A deposit slip or a pay-in-slip is a form supplied by a bank for a depositor to fill out, designed to document in categories the items included in the deposit transaction when physically depositing at a bank. The categories include type of item, and if it is a cheque or cash and which bank it is from, such as a local bank or not.

The bank teller keeps the deposit slip along with the deposit (cash and cheques), and provides the depositor with a receipt. Slips can be filled in prior to attending the bank, making depositing money more convenient. They are also used when transporting money. Pay-in slips encourage the sorting of cash and coins, are filled in and signed by the person who deposited the money, and some tear off from a record that is also filled in by the depositor.

Deposit slips are also called deposit tickets and come in a variety of designs. They are signed by the depositor if the depositor is cashing some of the accompanying check and depositing the rest.

== Cash received ==
On a deposit slip, "cash received" means that part of the amount on a cheque that is to be withdrawn as cash. The remainder is deposited into the person's account.

== Completion of slips ==
The description column on deposit slips has been used for over 100 years in the U.S. to notate where the bank should send the check to reclaim the money; this was done at first by notating in words the name of bank or its location. The bank's transit number, also called bank number, began to be used instead of words.
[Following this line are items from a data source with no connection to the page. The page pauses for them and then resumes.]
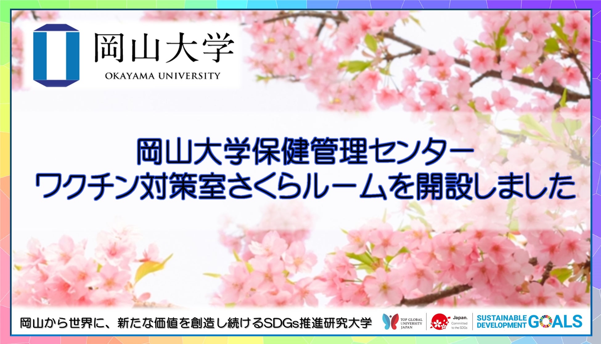 国立大学法人岡山大学(本部:岡山市北区、学長:槇野博史)は、2022年4月11日、本学津島キャンパスの大学会館に「保健管理センターワクチン対策室さくらルーム(通称:さくらルーム)」を開設しました。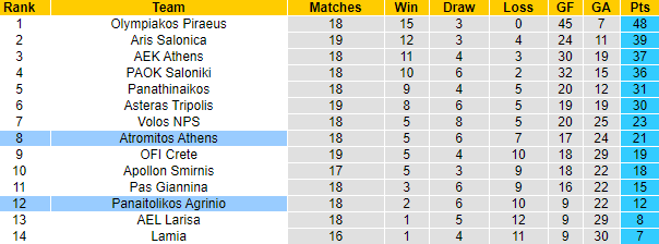 Cả Panetolikos và Atromitos đều không phải những cái tên chất lượng ở Hy Lạp, và vào thời điểm này, vị trí của đôi bên đã nói lên điều đó. Panetolikos đứng thứ 12/14 đội tham dự giải đấu còn Atromitos khá hơn đôi chút với vị trí thứ 8.
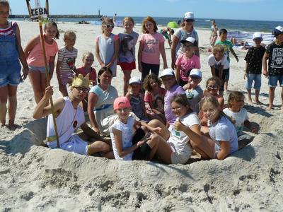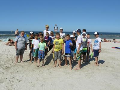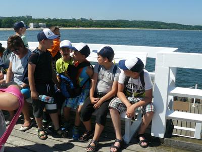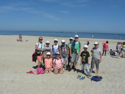 Wczesnym rankiem 22.05 wyruszyliśmy w podroż nad morze. Jechaliśmy ok. 12 godzin. Zmęczeni dotarliśmy na miejsce, do pensjonatu „Pod różą”, zostaliśmy zakwaterowani w pokojach, a następnie udaliśmy się na kolację, a po niej do łóżek. Następnego dnia rano poszliśmy przywitać morze, widok był wspaniały. Świetnie bawiliśmy się na plaży oraz z pewną nieśmiałością stawialiśmy stopy w wodzie.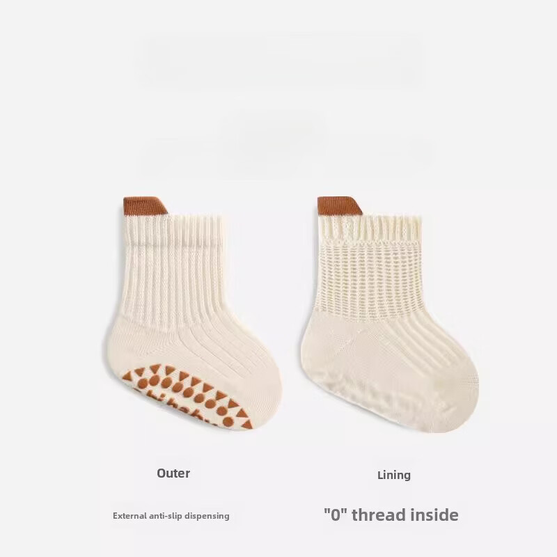 MiiOW Baby Toddler Socks Spring and Autumn Thin Baby Socks Indoor Cooling Anti-Slip Pink Set 3 Pairs 0-1 Years Old S Size (Suitable for Foot Length 9-11cm)

The bank number was written as the upper line of a fraction, with the bottom number referring to the central bank branch. Some people wrote just the top of the fraction, others tried writing the entire fraction. After the introduction of automated sorting of checks, many people wrote nothing at all in the deposit slip's description column. Some people put the check writers' names in the description column. There was a tendency in the early 2010s to write in the number of the check being deposited without mentioning who the check was from.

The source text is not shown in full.